* _EXERCISE DESCRIPTION_
Pictures must be left out. Print the lines from the beginning of the material through the line holding "Beautifully updated and", exactly and nothing else.

* _SUPPLIED DATA_
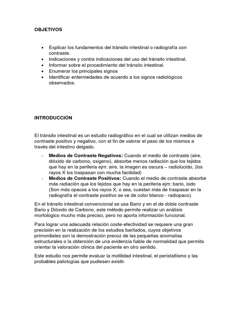 El tránsito intestinal es un estudio radiográfico en el cual se utilizan medios de
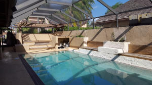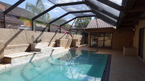 Beautifully updated and recently painted 3BR/2BA unique one story Mediterranean home with secluded pool with a tremendous entertainment oriented patio area with party seating that surrounds the pool Terra cotta tile floors & new carpeting in Bedrooms. Wood beamed ceilings and a Built-in wet bar, new kitchen cabinets/counters. Upgrades abound. Master walk-in cedar closet. Decorative wood burning fireplace in family/living area. New 2 car Hurricane rated garage doors with automatic door opener. Large screened enclosed pool patio with new wood deck & new pool equipment. Newer dual zoned central HVAC system. Patios Del Mar II is a non-gated community. Dues cover common grounds & basic cable.
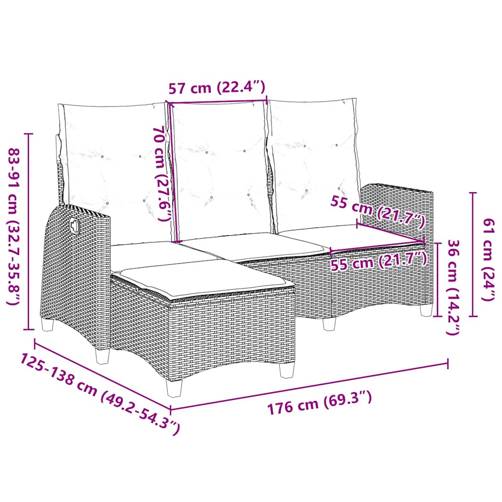 Entspanne dich und genieße die Natur auf diesem bequemen und verstellbaren Gartensofa! Langlebiges Material: PE-Rattan, auch als Poly Rattan bekannt, ist ein robustes, pflegeleichtes synthetisches Material, das die Optik von natürlichem Rattan aufweist. Es kennzeichnet sich durch ein geringes Eigengewicht und lässt sich einfach reinigen. Aufgrund seiner Haltbarkeit und Witterungsbeständigkeit wird es häufig bei der Herstellung von Gartenmöbeln verwendet.Verstellbare Rückenlehne: Diese Gartenmöbel haben einen Griff an jedem Sitz. So kannst du die Rückenlehne durch Ziehen des Griffes verstellen und sie danach schnell wieder in ihre ursprüngliche Position bringen.Bequemes Sitzerlebnis: Dieser Gartensessel mit dick gepolsterten Kissen bietet ein angenehmes Sitzgefühl.Abnehmbarer und waschbarer Bezug: Die Sitzkissen verfügen über abnehmbare Bezüge, die sich ganz einfach waschen und reinigen lassen. Dank der Klappen an der Rückseite können die Rückenkissen ganz einfach an den Rückenlehnen befestigt werden.Robuster und stabiler Rahmen: Dank des pulverbeschichteten Stahlrahmens ist das Möbelstück robust, stabil und für den täglichen Einsatz im Außenbereich geeignet. Gut zu wissen:Wir empfehlen dir, deine Gartenmöbel mit einer wasserdichten Hülle zu schützen, um lange Zeit eine ansprechende Optik aufzuweisen.
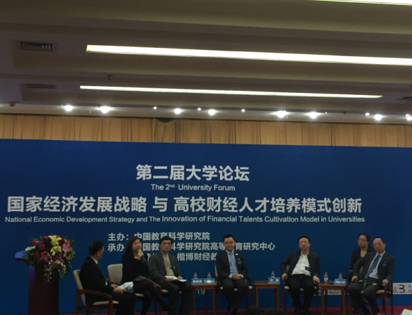 论坛由中国教育科学研究院陈子季副院长主持,论坛主要围绕当前国家发展战略的实施及其机遇与挑战、国家经济发展战略与财经类人才需求以及高水平财经类人才培养与高校办学模式改革等三个问题展开讨论。

* _OUTPUT BELOW_
 El tránsito intestinal es un estudio radiográfico en el cual se utilizan medios de
 Beautifully updated and recently painted 3BR/2BA unique one story Mediterranean home with secluded pool with a tremendous entertainment oriented patio area with party seating that surrounds the pool Terra cotta tile floors & new carpeting in Bedrooms. Wood beamed ceilings and a Built-in wet bar, new kitchen cabinets/counters. Upgrades abound. Master walk-in cedar closet. Decorative wood burning fireplace in family/living area. New 2 car Hurricane rated garage doors with automatic door opener. Large screened enclosed pool patio with new wood deck & new pool equipment. Newer dual zoned central HVAC system. Patios Del Mar II is a non-gated community. Dues cover common grounds & basic cable.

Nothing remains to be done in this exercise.